These online gains will necessitate fewer and smaller (brick-and-mortar) stores that will need "excellent people who are well-paid and can answer questions," Salmon said. He thinks more stores will move away from commission-based compensation and toward higher initial salaries, citing The Container Store as an operation that has already adopted that model. "The average salary of an employee there is $48,000 and they received 260 hours of training. And they have a 10% turnover rate."

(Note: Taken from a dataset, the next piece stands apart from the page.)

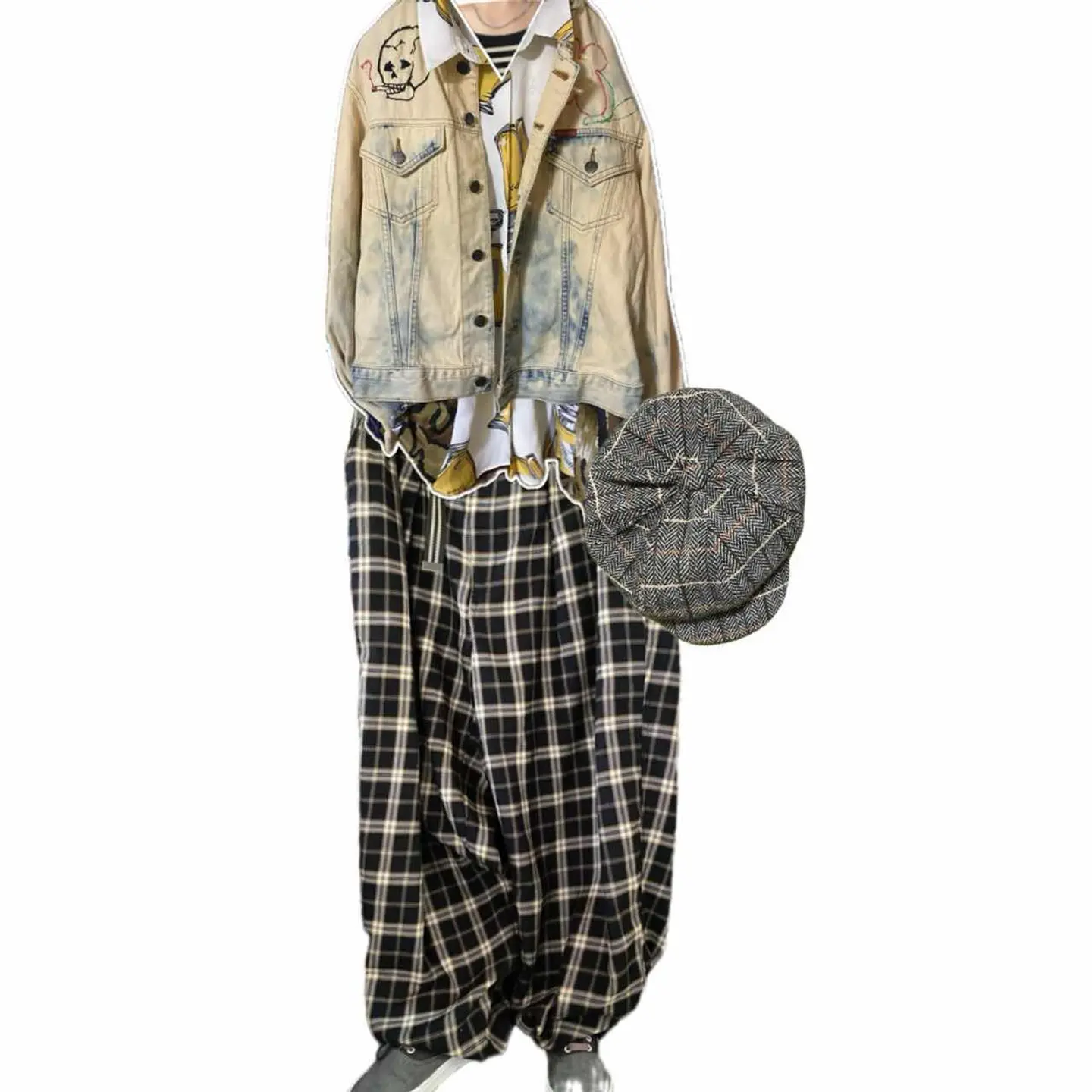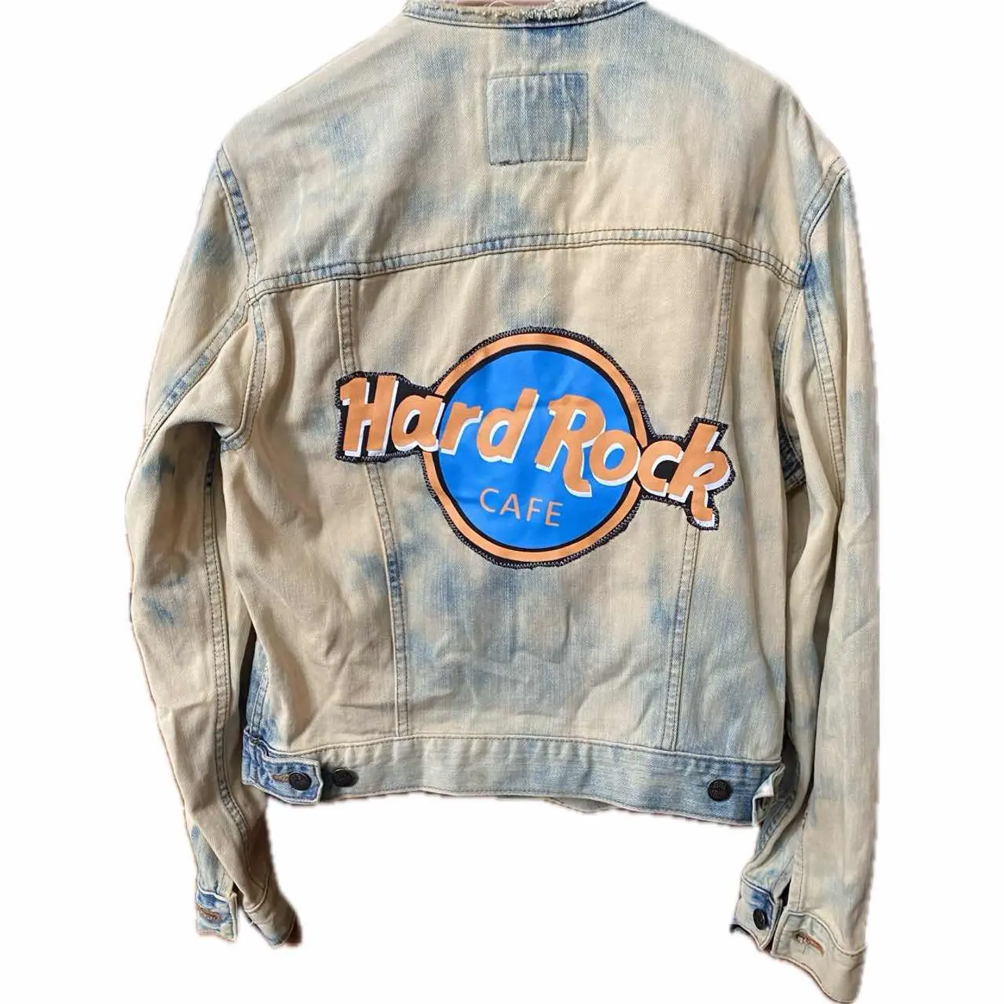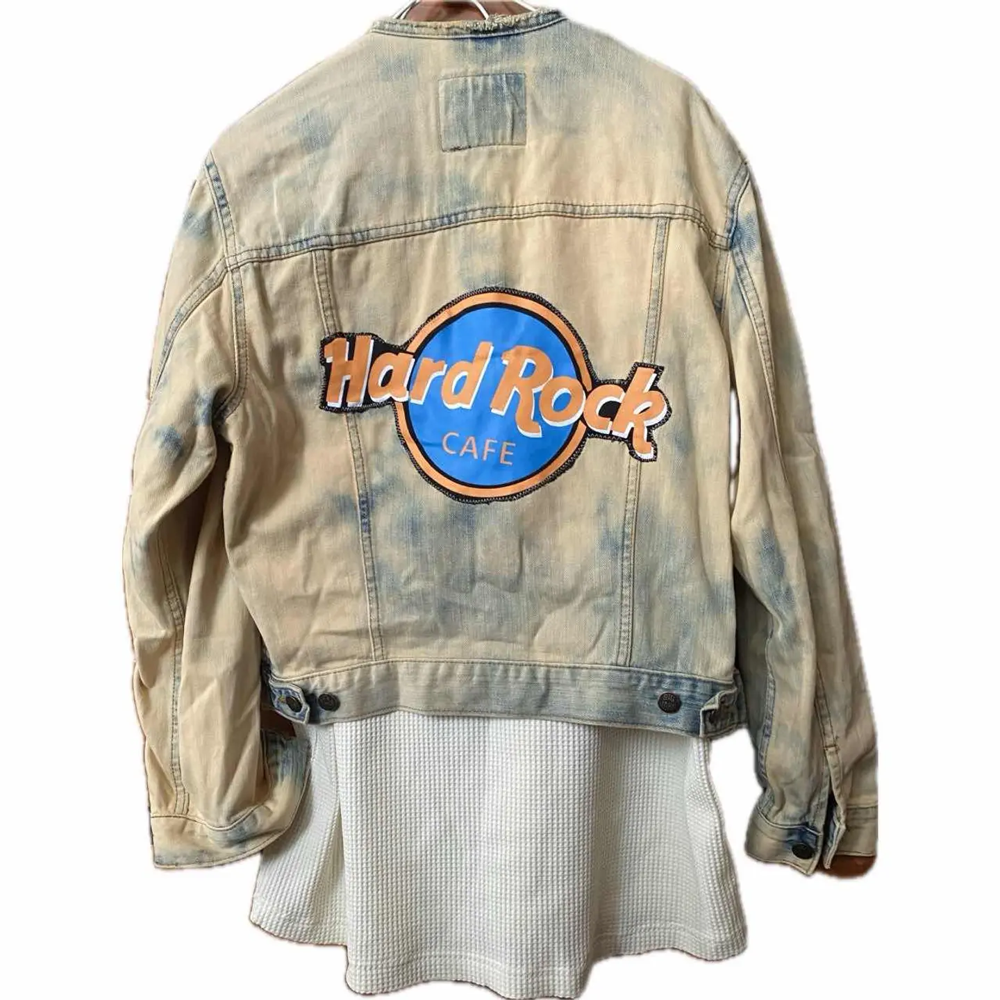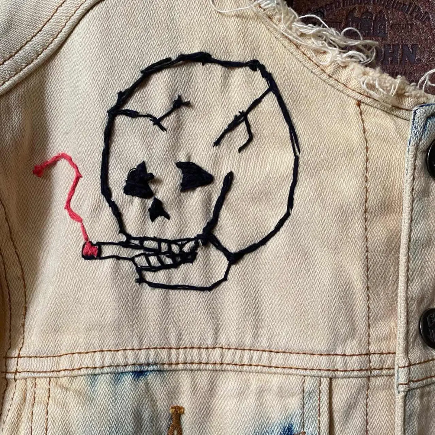 90s【コレクター必見】 MV602、廃盤 スカル刺繍Gジャン 赤タグ 90年代ヴィンテージのビックジョンの惜しまれながら生産終了になったMV602 赤ネーム、レザータグ、シリアルと、半端ないヴィンテージポイント全て残っているデッドストックをさらにかっこよくした。まずブリーチしてノーカラーにしてカットオフですね。ほつれ止め当たり前してます。 胸にスモーキングスカルフラワーの刺繍を手作業で施し、さらにバックにハードロックカフェのTシャツを切り縫い付けました。前後どちらでもパーフェクトだし、そもそもMV602は、知識ない人は安いものと勘違いしてるかもしれませんが、全く違います。めちゃくちゃ激レアですよ。だって復刻すらしないと言うポリシーの塊ですよ。 そしてさらにこのタイプが人気あるのはショート丈タイプなのに、めっちゃ着回しが効くことです。コーディネート参考にしてください。さらにリメイクのカーゴパンツとゆるだぼのチェックパンツそうアメリカンヨーロピアンカジュアルですね。ちなみに、インナーの柄シャツも私が作ったやつです。Tシャツだろうがなんだろうが。シャツだろうが、着回しききます、 さらに、世界に1つのデザインだったら、少しでも気になった人は確実にさせる自信がありますのでご購入ください ▷color◁ ブリーチカラー ※ブラウザで異なる場合ありますがかなり実物には、近づけてます、 ▷size◁ 平置き片面採寸【㎝表記】 表記size M表記だが、Lはある、 着丈/60 身幅/53 身幅L 肩幅/46 袖丈 /61 DSは袖はハンガー採寸 ※多少の誤差は理解下さい 170/Mジャスト体型の私が着て、✔️参考に ジャスト オーバーサイズ✔︎ ビックサイズ 【素材】 デニム 【状態】 最強、デットストック惜しみなく使った 検品、洗濯、検品で、3回チェックして発送しますので、ご安心して、お買い求め下さい!!

Retailers interviewed by Home Accents Today at this year's winter markets said social media, blogs, showrooming, HGTV's design shows and internet search engines have resulted in a much more knowledgeable consumer: "Today's tech-savvy shopper is smarter ... has more product and design information at her fingertips." She knows what you're selling, what it should look and feel like, and how much it should be selling for. She expects high quality, bargain pricing and convenience, and if she doesn't get it, she can broadcast her disappointment to her social media community.

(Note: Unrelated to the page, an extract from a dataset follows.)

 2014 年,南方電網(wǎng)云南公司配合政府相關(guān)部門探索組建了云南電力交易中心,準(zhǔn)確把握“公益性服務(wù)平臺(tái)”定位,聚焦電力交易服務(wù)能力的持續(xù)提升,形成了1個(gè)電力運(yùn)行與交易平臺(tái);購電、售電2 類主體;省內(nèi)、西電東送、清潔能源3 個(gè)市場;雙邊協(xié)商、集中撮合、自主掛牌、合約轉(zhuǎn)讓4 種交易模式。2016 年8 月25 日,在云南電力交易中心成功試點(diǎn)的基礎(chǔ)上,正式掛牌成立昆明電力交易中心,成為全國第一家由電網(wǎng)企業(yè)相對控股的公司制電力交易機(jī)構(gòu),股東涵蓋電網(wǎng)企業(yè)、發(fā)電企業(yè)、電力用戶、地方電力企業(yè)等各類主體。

On the flip side, however, today's technology and information-gathering provides more opportunities for retailers to know their consumers, capture their attention and seal a deal instantaneously. As shoppers' purchasing and personal data becomes more available and less costly, it will become easier to predict shopping behavior, needs and desires, and to tailor offers and communications. JWTIntelligence calls this "Predictive Personalization," and says it is one way retailers can gain an edge in the complex new retail world. New technologies and more precise data analysis will also provide opportunities for retailers to better manage and allocate inventory, provide individual attention and concierge service, and be within arm's reach at the right moment.
As part of a recent three-part series on the past and future of retail, NPR's Audie Cornish interviewed Gartner Retail Consultant Bob Hetu. When asked what he's advising retailers to do to "build" the shopping experience, Hetu discussed the personalization concept and the importance of understanding the consumer so the retailer can present products that directly appeal to her, at a price and promotional activity that make sense for her as an individual.

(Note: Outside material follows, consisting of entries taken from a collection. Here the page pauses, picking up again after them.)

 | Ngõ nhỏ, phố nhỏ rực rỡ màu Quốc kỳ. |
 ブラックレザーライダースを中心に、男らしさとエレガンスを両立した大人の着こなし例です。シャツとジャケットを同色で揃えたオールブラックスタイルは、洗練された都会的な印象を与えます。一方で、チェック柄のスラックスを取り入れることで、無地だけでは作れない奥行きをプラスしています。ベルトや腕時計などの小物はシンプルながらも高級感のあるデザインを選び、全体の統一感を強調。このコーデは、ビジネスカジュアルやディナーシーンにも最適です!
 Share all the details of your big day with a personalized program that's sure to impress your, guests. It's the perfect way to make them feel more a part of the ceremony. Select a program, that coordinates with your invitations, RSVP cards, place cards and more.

In the midst of a growing online marketplace, the physical store, said Hetu, will remain very important. "The future of it looks like we're going to see where people have registered online; maybe their cell phone number is part of the loyalty program," he told Cornish. "And they may be aware that you have pulled into the parking lot, or you've entered the door, and they might be able to greet you by name. They may be able to offer you the ability to view certain products that they know, based on your past buying experience, are things you might like to have."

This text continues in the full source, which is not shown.